Différentes entreprises au Cameroun ont adopté des systèmes de gestion et de traçabilité ouverts et connectés sur internet. Leur système centralisé permet de suivre simultanément l’ensemble des activités d’exploitation, de transformation, d’exportation et de commercialisation des produits bois sur une base données unique et en ligne. En d’autres termes, leur système permet le suivi en direct des activités commerciales et de production, reliant chaque produit bois commercialisé à son arbre d’origine caractérisé notamment par des coordonnées GPS.

Bien que ce système ait permis de répondre aux difficultés liées à la centralisation des informations de traçabilité, les problèmes liés aux opérations de saisies manuelles des données de traçabilité persistent. D’un côté, ces opérations représentent des sources d’erreurs significatives, d’un autre elles sont relativement lentes et rendent la gestion des données lente et peu réactive.
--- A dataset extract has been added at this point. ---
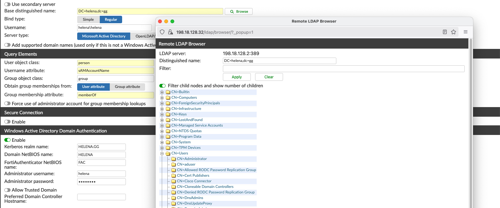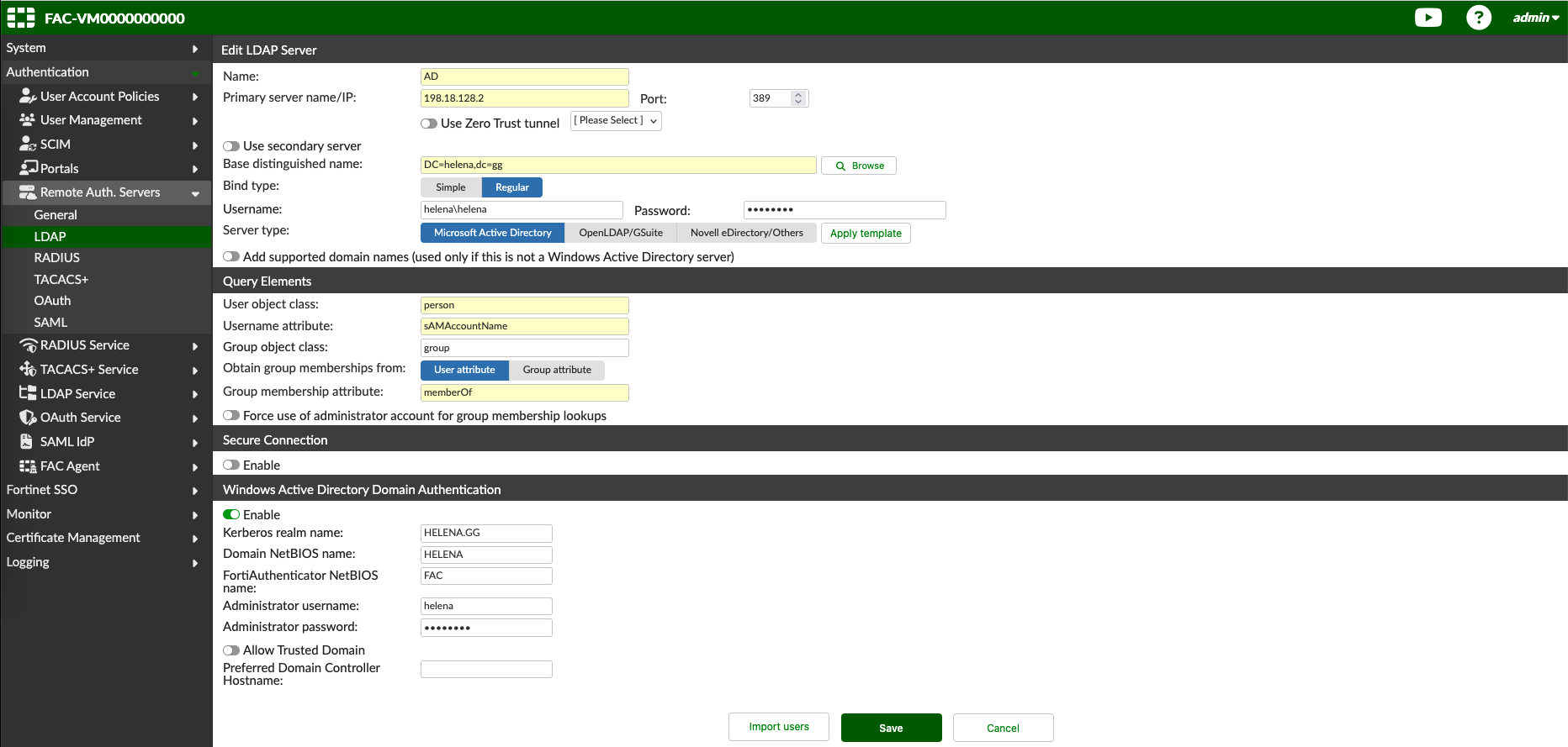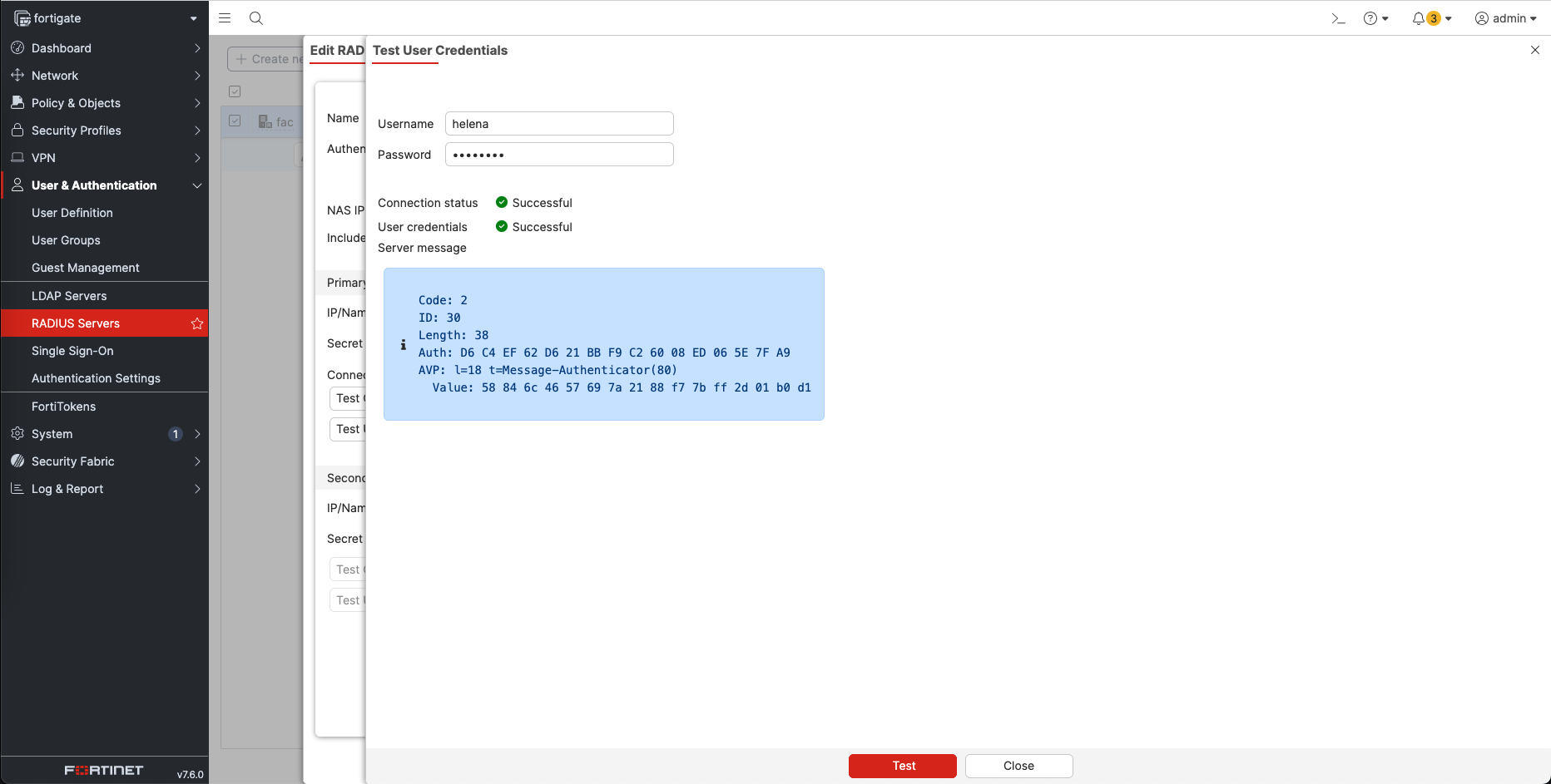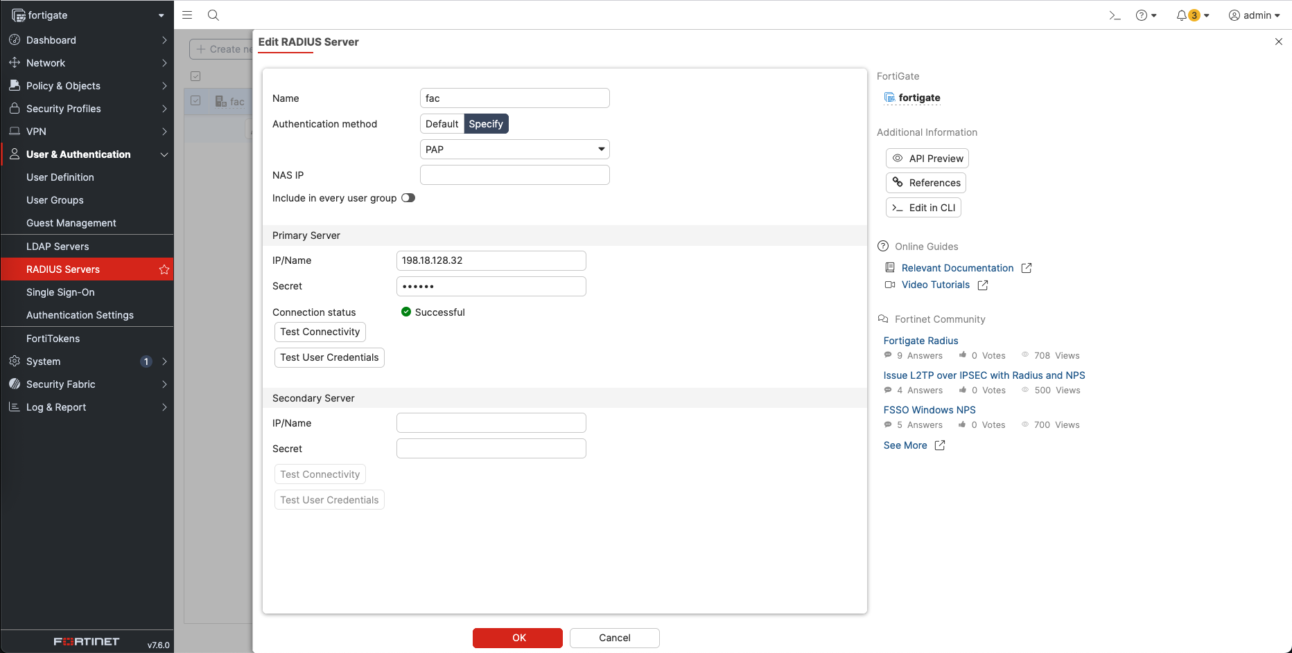On the Fortigate side, we add a new Radius Server pointing to the FortiAuthenticator

Si ce système a permis de se mettre en conformité avec le cadre légal, il a aussi permis de répondre aux exigences de différents référentiels de certification (gestion responsable, traçabilité, légalité). Dans ce contexte, ces entreprises voient leur système de traçabilité « connecté » comme une opportunité de communiquer sur la mise en œuvre de leurs engagements en termes de gestion responsable.
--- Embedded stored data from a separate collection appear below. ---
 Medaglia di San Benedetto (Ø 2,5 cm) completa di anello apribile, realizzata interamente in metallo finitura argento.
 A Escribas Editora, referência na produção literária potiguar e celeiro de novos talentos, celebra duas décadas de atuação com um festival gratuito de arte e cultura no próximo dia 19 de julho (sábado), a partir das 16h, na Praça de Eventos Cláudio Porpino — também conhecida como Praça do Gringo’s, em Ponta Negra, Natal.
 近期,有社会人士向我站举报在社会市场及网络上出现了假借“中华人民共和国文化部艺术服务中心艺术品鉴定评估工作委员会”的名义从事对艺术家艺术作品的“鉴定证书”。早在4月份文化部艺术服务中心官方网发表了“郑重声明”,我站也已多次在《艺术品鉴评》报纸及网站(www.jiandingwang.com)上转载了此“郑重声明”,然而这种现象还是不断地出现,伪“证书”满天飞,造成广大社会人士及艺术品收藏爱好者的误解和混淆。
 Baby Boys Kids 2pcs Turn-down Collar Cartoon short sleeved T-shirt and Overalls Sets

Toujours dans un souci de transparence et plus spécialement dans le cadre de la mise en œuvre du Règlement Bois de l’Union Européenne1, les négociants en bois rencontrent régulièrement des difficultés pour justifier de l’origine, voire de la légalité de leurs approvisionnements. Il est ainsi très rarement possible de pouvoir justifier de l’origine de ses produits bois en dehors des processus offerts par les schémas de certifications. Ces processus ne permettant pas d’obtenir une traçabilité par pied reliant une grume ou un produit bois à un arbre d’origine.
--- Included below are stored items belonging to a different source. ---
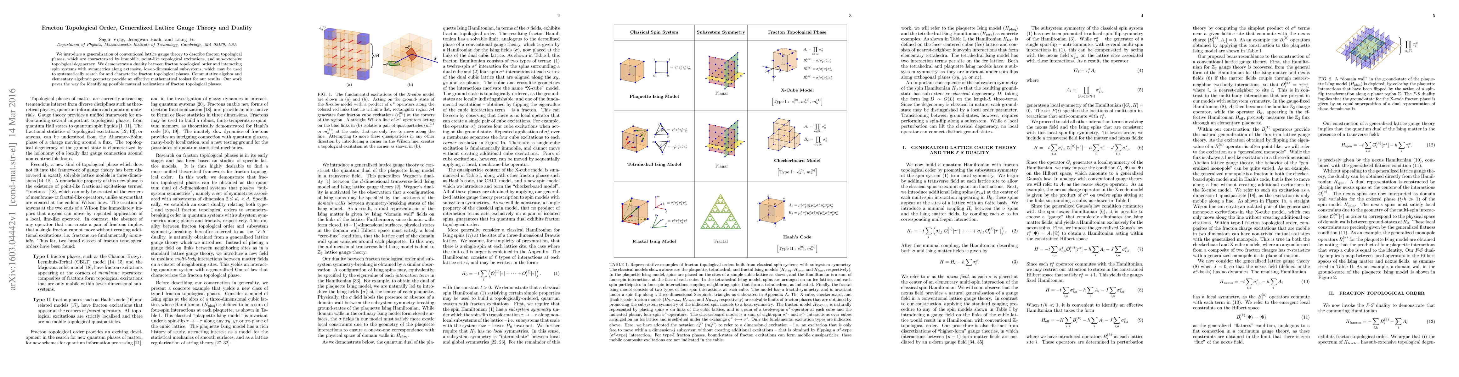 This paper generalizes lattice gauge theory to describe fracton topological phases, characterized by immobile excitations, and shows a duality with interacting spin systems. The research uses algebraic geometry to systematically explore these phases and opens avenues for potential material realizations.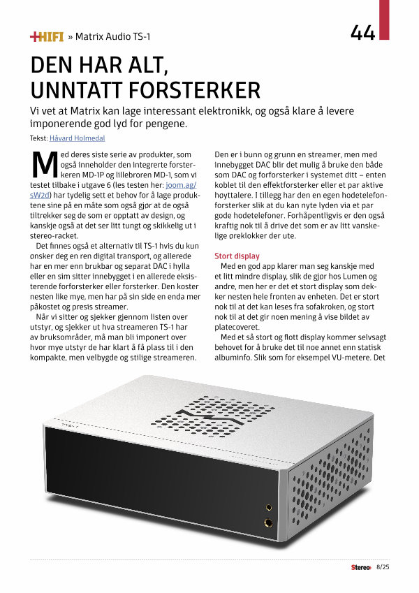 Det finnes også et alternativ til TS-1 hvis du kun ønsker deg en ren digital transport, og allerede har en mer enn brukbar og separat DAC i hylla eller en sim sitter innebygget i en allerede eksisterende forforsterker eller forsterker. Den koster nesten like mye, men har på sin side en enda mer påkostet og presis streamer.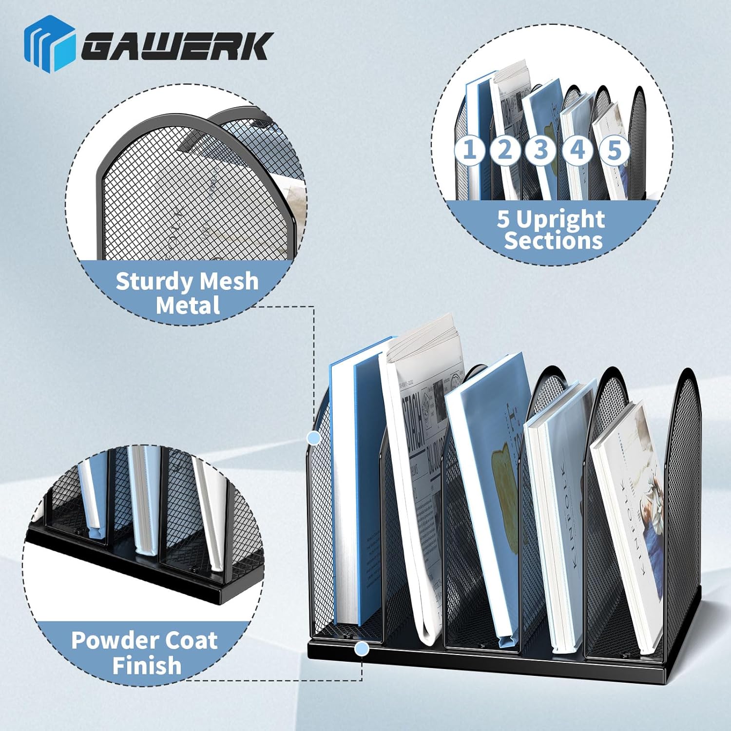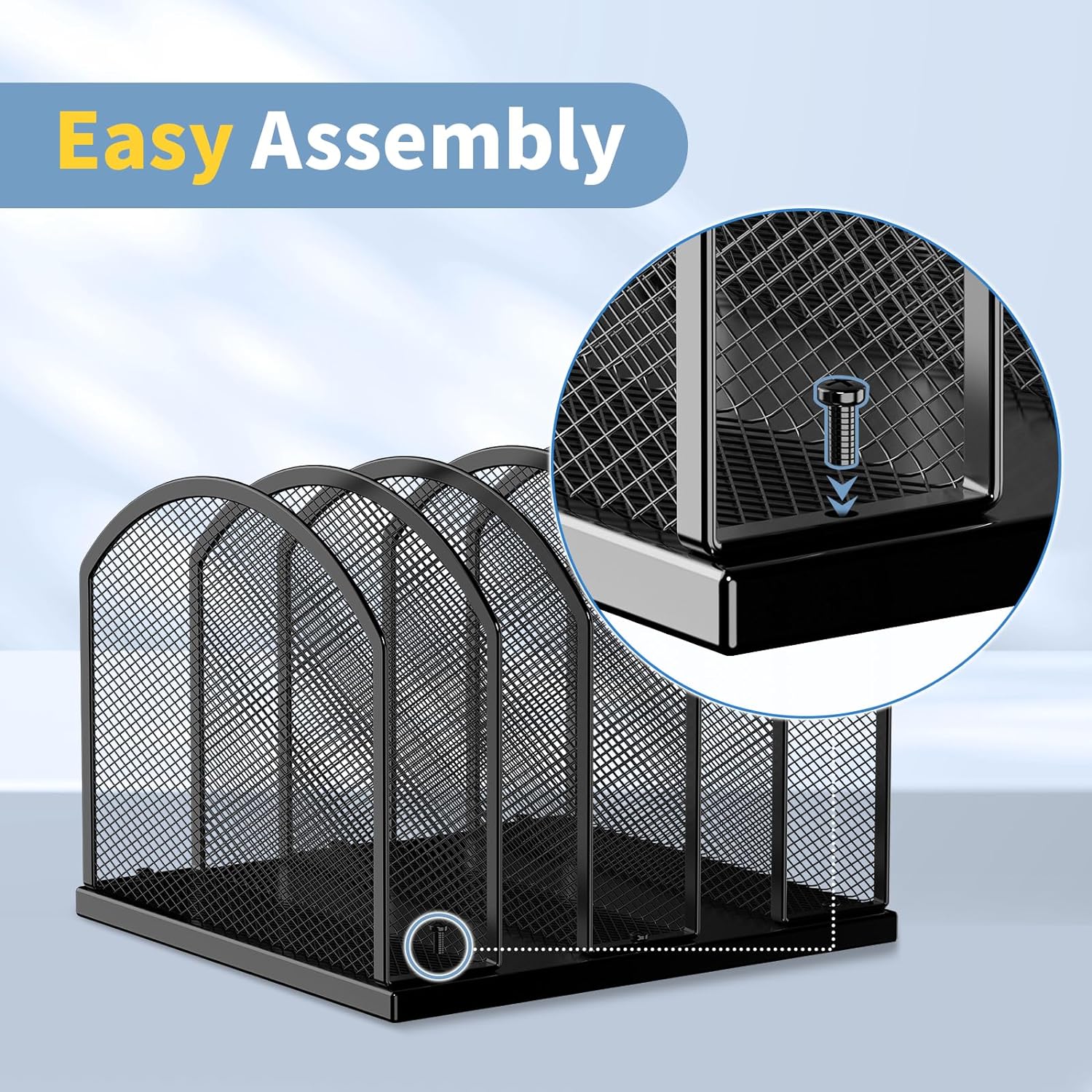 5-Section Vertical Desktop Organizer, 5-Section Mesh File Folder Stand Sorter for Office Home Classroom Organization (2, Black)

Les principales attentes des différents interlocuteurs du projet peuvent donc être résumées de la manière suivante :

  • Résoudre les problèmes liés aux opérations de saisies manuelles des données de traçabilité ;
  • Communiquer sur la mise en œuvre des engagements en termes de gestion responsable ;
  • Permettre aux négociants et autres acteurs du secteur bois de tracer des produits bois jusqu’aux zones de récolte.

 

Le projet d’amélioration et de valorisation des systèmes de traçabilité forestière par les technologies mobiles

Porté par le GFBC (Groupement de la Filière Bois au Cameroun) et financé par le Programme EU FAO Flegt à hauteur de 72.289 USD, ce projet d’une durée de 9 mois est conduit au travers des quatre entreprises suivantes : Pallisco, CIFM, FIPCAM et CUF.

Tenant compte des attentes liées à la traçabilité de ces entreprises, l’objectif principal du projet a été d’améliorer et de valoriser les systèmes de traçabilité forestière par les technologies mobiles.

De manière schématique et au travers d’un étiquetage des grumes au niveau des parcs de rupture de ces entreprises, le projet a permis de mettre en place les outils suivants :

  • Des applications sur smartphone dédiées aux entreprises pour la gestion des parcs à grumes, en particulier les étapes 1) d’arrivée des grumes sur parc à bois ; 2) de réception des grumes par le client ; 3) d’évacuation des grumes ;
  • Une application web et smartphone dédiée au grand public pour consulter les données de traçabilité des grumes après scan de l’étiquette de la grume ou saisie de ses informtions (faire le lien vers la rubrique pour tracer les poduits).

En addition à ces résultats, différentes avancées ont également été permises :

  • Un gain de temps sur l’ensemble des opérations du parc à bois grâce à la diminution des saisies manuelles ;
  • Une gestion des flux de bois en direct sur le parc à bois ;
  • Un accès rapide aux données de traçabilité.